> _Task to carry out_:
The expected output is the data below, character for character, without its pictures.

> _Data_:
<<<<

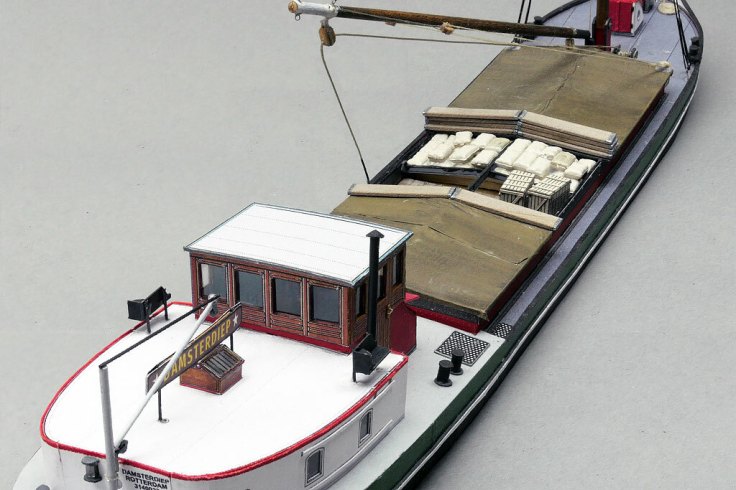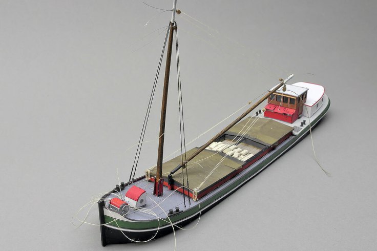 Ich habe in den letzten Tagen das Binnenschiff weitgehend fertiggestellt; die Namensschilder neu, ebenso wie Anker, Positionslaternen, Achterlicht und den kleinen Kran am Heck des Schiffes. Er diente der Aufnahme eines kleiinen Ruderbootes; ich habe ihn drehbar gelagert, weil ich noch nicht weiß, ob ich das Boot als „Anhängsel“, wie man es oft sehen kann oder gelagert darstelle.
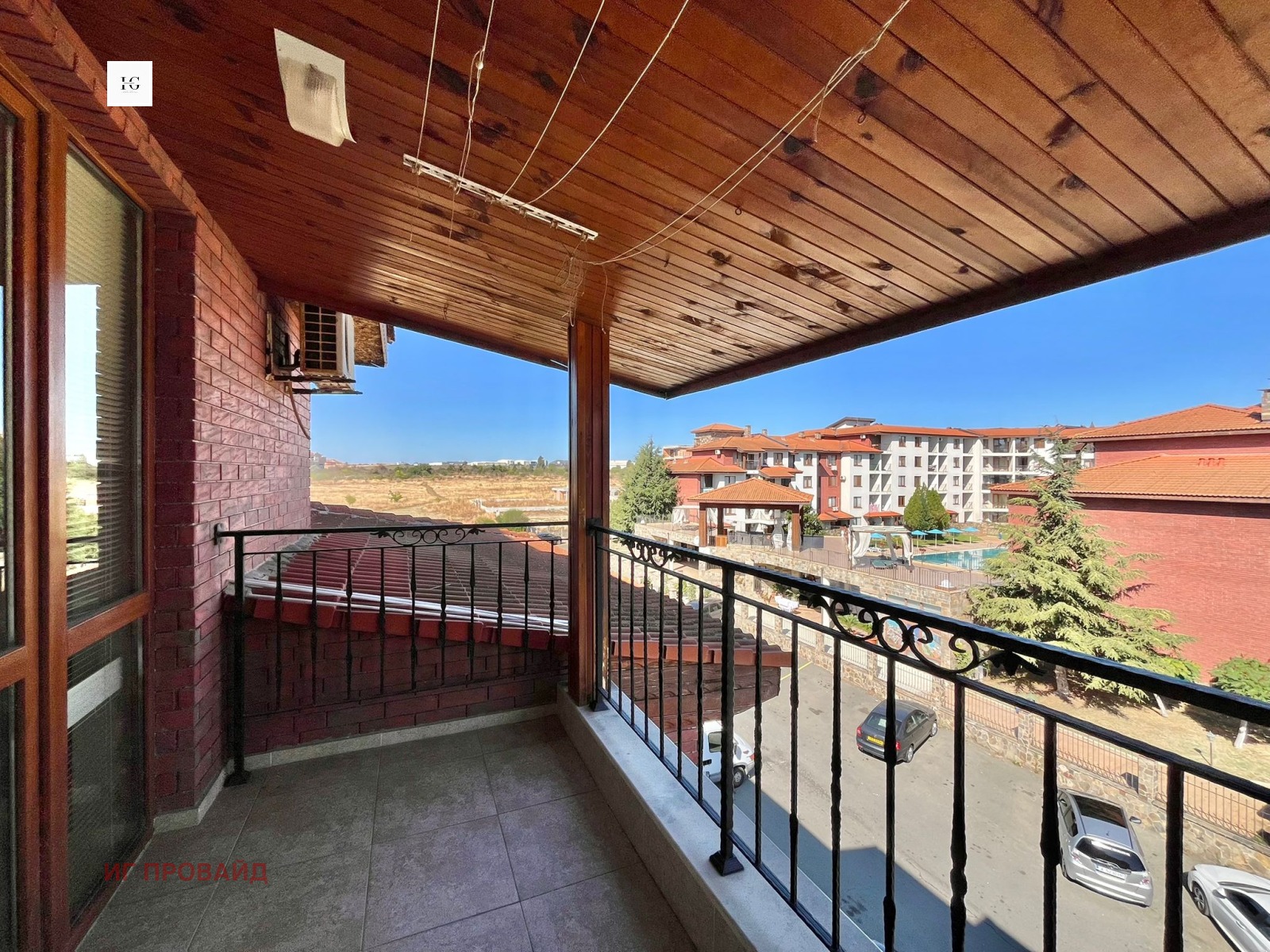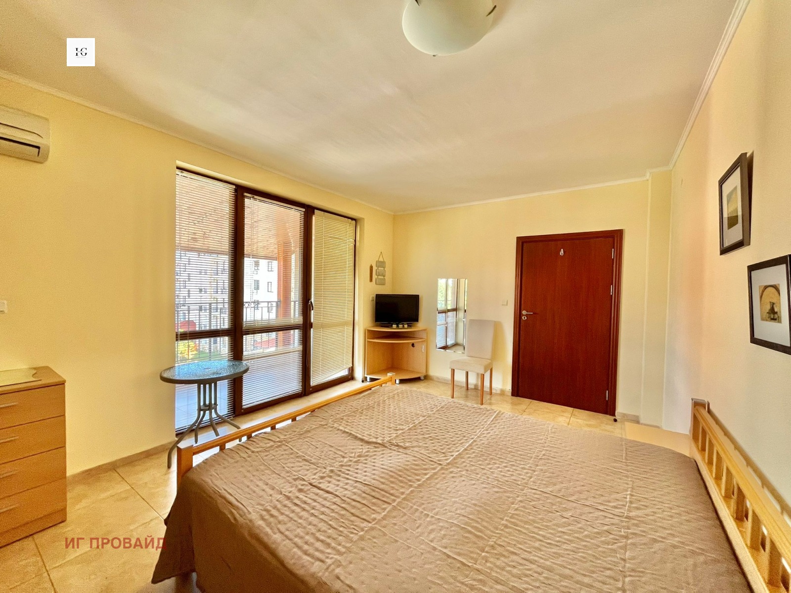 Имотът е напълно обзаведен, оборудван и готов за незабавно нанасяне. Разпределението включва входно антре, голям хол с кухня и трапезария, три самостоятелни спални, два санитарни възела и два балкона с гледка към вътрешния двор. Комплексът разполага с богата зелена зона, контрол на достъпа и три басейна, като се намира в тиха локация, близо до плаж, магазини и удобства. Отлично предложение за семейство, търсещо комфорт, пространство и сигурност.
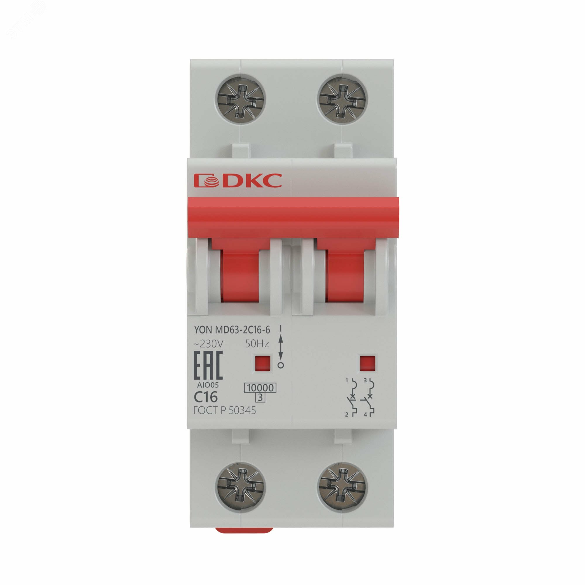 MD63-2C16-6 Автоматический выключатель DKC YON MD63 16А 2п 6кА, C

>>>>

> _Result below_:
 Ich habe in den letzten Tagen das Binnenschiff weitgehend fertiggestellt; die Namensschilder neu, ebenso wie Anker, Positionslaternen, Achterlicht und den kleinen Kran am Heck des Schiffes. Er diente der Aufnahme eines kleiinen Ruderbootes; ich habe ihn drehbar gelagert, weil ich noch nicht weiß, ob ich das Boot als „Anhängsel“, wie man es oft sehen kann oder gelagert darstelle.
 Имотът е напълно обзаведен, оборудван и готов за незабавно нанасяне. Разпределението включва входно антре, голям хол с кухня и трапезария, три самостоятелни спални, два санитарни възела и два балкона с гледка към вътрешния двор. Комплексът разполага с богата зелена зона, контрол на достъпа и три басейна, като се намира в тиха локация, близо до плаж, магазини и удобства. Отлично предложение за семейство, търсещо комфорт, пространство и сигурност.
 MD63-2C16-6 Автоматический выключатель DKC YON MD63 16А 2п 6кА, C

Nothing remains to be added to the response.